- _What you will do_
Exact copy, no pictures: restate each entry below word for word.

- _Data extract_
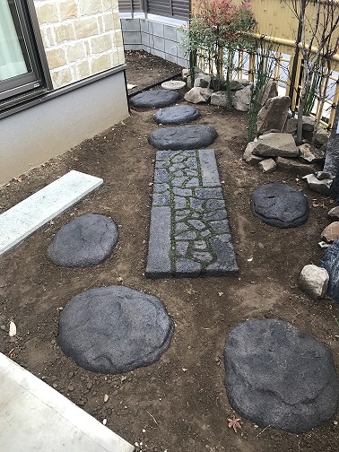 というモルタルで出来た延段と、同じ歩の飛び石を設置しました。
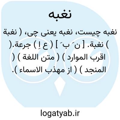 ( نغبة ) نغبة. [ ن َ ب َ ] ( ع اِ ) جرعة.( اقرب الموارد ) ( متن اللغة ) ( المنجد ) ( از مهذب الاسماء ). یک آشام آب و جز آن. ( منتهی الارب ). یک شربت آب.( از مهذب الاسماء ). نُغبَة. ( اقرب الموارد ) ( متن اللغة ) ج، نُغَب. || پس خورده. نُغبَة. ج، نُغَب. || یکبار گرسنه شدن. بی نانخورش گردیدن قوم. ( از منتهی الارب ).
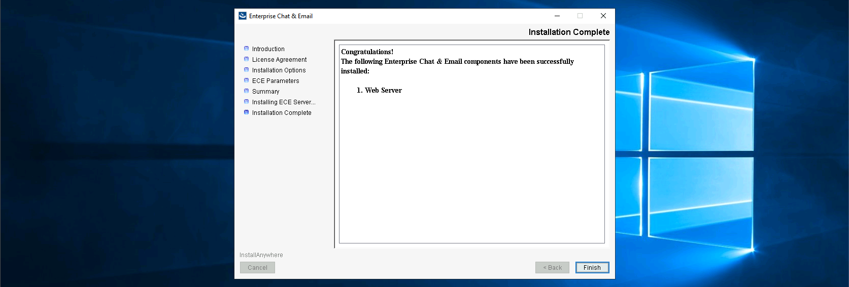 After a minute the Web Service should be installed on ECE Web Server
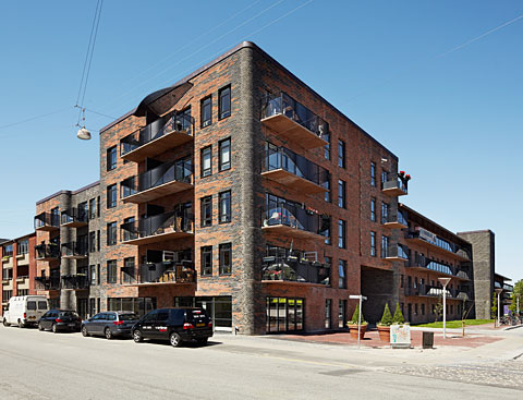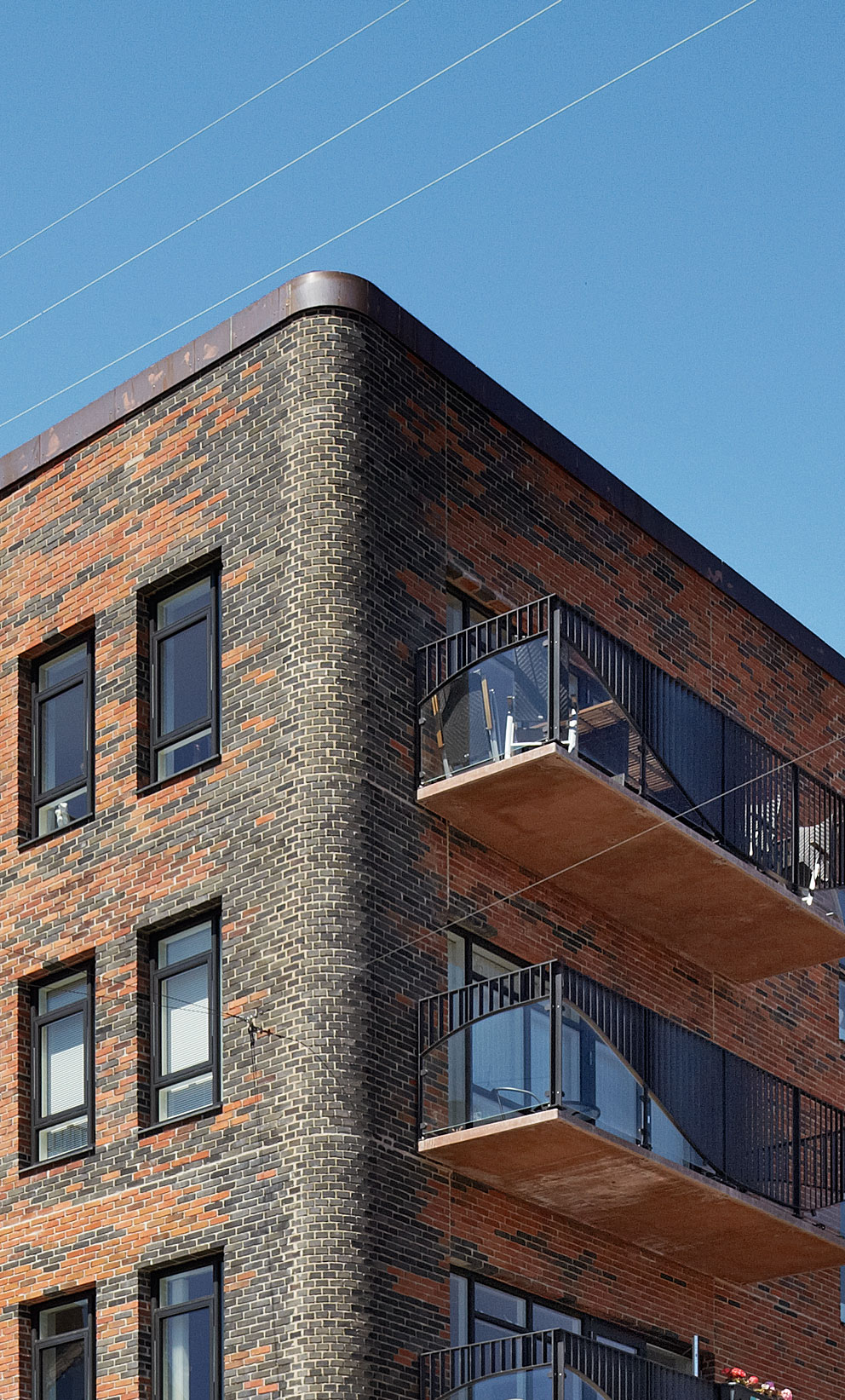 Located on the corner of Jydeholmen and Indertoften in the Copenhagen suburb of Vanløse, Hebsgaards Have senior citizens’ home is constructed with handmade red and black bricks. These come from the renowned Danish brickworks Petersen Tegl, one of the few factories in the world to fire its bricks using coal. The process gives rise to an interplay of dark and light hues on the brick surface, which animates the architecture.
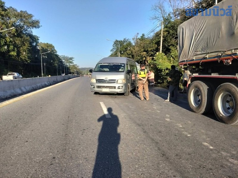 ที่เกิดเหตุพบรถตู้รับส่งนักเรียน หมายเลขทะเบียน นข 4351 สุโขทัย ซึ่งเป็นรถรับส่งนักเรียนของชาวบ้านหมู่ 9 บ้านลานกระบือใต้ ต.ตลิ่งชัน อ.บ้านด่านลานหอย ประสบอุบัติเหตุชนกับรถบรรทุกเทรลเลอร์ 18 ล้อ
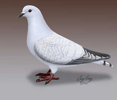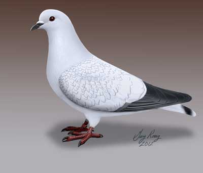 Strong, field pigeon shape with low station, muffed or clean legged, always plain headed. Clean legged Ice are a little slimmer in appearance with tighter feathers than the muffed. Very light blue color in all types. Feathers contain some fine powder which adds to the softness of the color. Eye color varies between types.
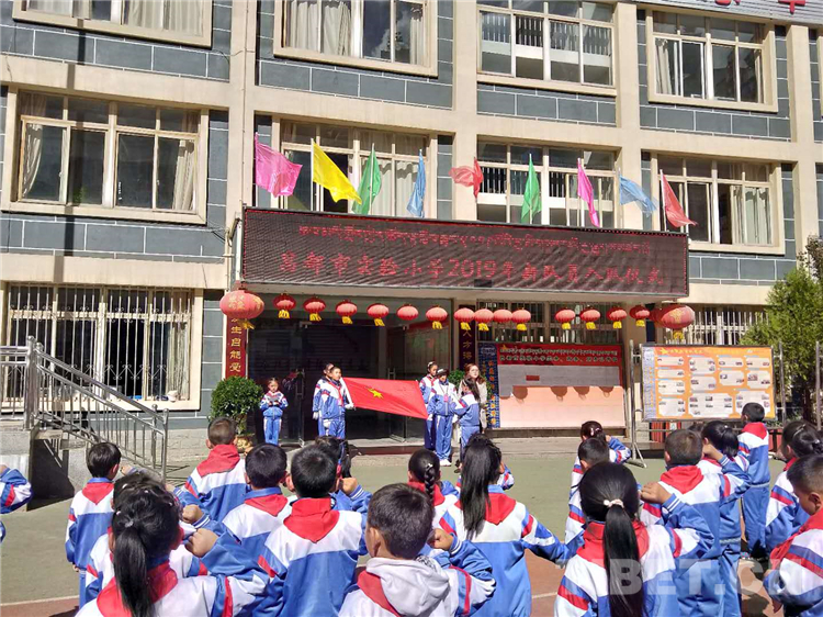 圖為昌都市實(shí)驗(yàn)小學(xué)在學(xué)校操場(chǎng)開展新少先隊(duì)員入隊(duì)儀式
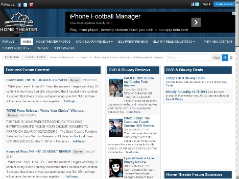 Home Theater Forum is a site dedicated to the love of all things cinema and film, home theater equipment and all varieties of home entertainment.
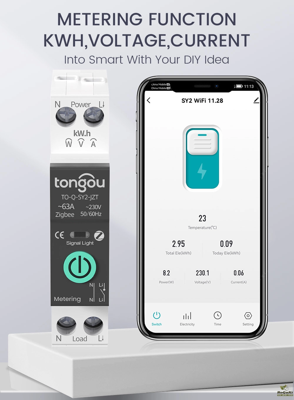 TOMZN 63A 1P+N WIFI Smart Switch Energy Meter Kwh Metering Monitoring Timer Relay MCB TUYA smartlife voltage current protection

- _Result for this exercise_
 というモルタルで出来た延段と、同じ歩の飛び石を設置しました。
 ( نغبة ) نغبة. [ ن َ ب َ ] ( ع اِ ) جرعة.( اقرب الموارد ) ( متن اللغة ) ( المنجد ) ( از مهذب الاسماء ). یک آشام آب و جز آن. ( منتهی الارب ). یک شربت آب.( از مهذب الاسماء ). نُغبَة. ( اقرب الموارد ) ( متن اللغة ) ج، نُغَب. || پس خورده. نُغبَة. ج، نُغَب. || یکبار گرسنه شدن. بی نانخورش گردیدن قوم. ( از منتهی الارب ).
 After a minute the Web Service should be installed on ECE Web Server
 Located on the corner of Jydeholmen and Indertoften in the Copenhagen suburb of Vanløse, Hebsgaards Have senior citizens’ home is constructed with handmade red and black bricks. These come from the renowned Danish brickworks Petersen Tegl, one of the few factories in the world to fire its bricks using coal. The process gives rise to an interplay of dark and light hues on the brick surface, which animates the architecture.
 ที่เกิดเหตุพบรถตู้รับส่งนักเรียน หมายเลขทะเบียน นข 4351 สุโขทัย ซึ่งเป็นรถรับส่งนักเรียนของชาวบ้านหมู่ 9 บ้านลานกระบือใต้ ต.ตลิ่งชัน อ.บ้านด่านลานหอย ประสบอุบัติเหตุชนกับรถบรรทุกเทรลเลอร์ 18 ล้อ
 Strong, field pigeon shape with low station, muffed or clean legged, always plain headed. Clean legged Ice are a little slimmer in appearance with tighter feathers than the muffed. Very light blue color in all types. Feathers contain some fine powder which adds to the softness of the color. Eye color varies between types.
 圖為昌都市實(shí)驗(yàn)小學(xué)在學(xué)校操場(chǎng)開展新少先隊(duì)員入隊(duì)儀式
 Home Theater Forum is a site dedicated to the love of all things cinema and film, home theater equipment and all varieties of home entertainment.
 TOMZN 63A 1P+N WIFI Smart Switch Energy Meter Kwh Metering Monitoring Timer Relay MCB TUYA smartlife voltage current protection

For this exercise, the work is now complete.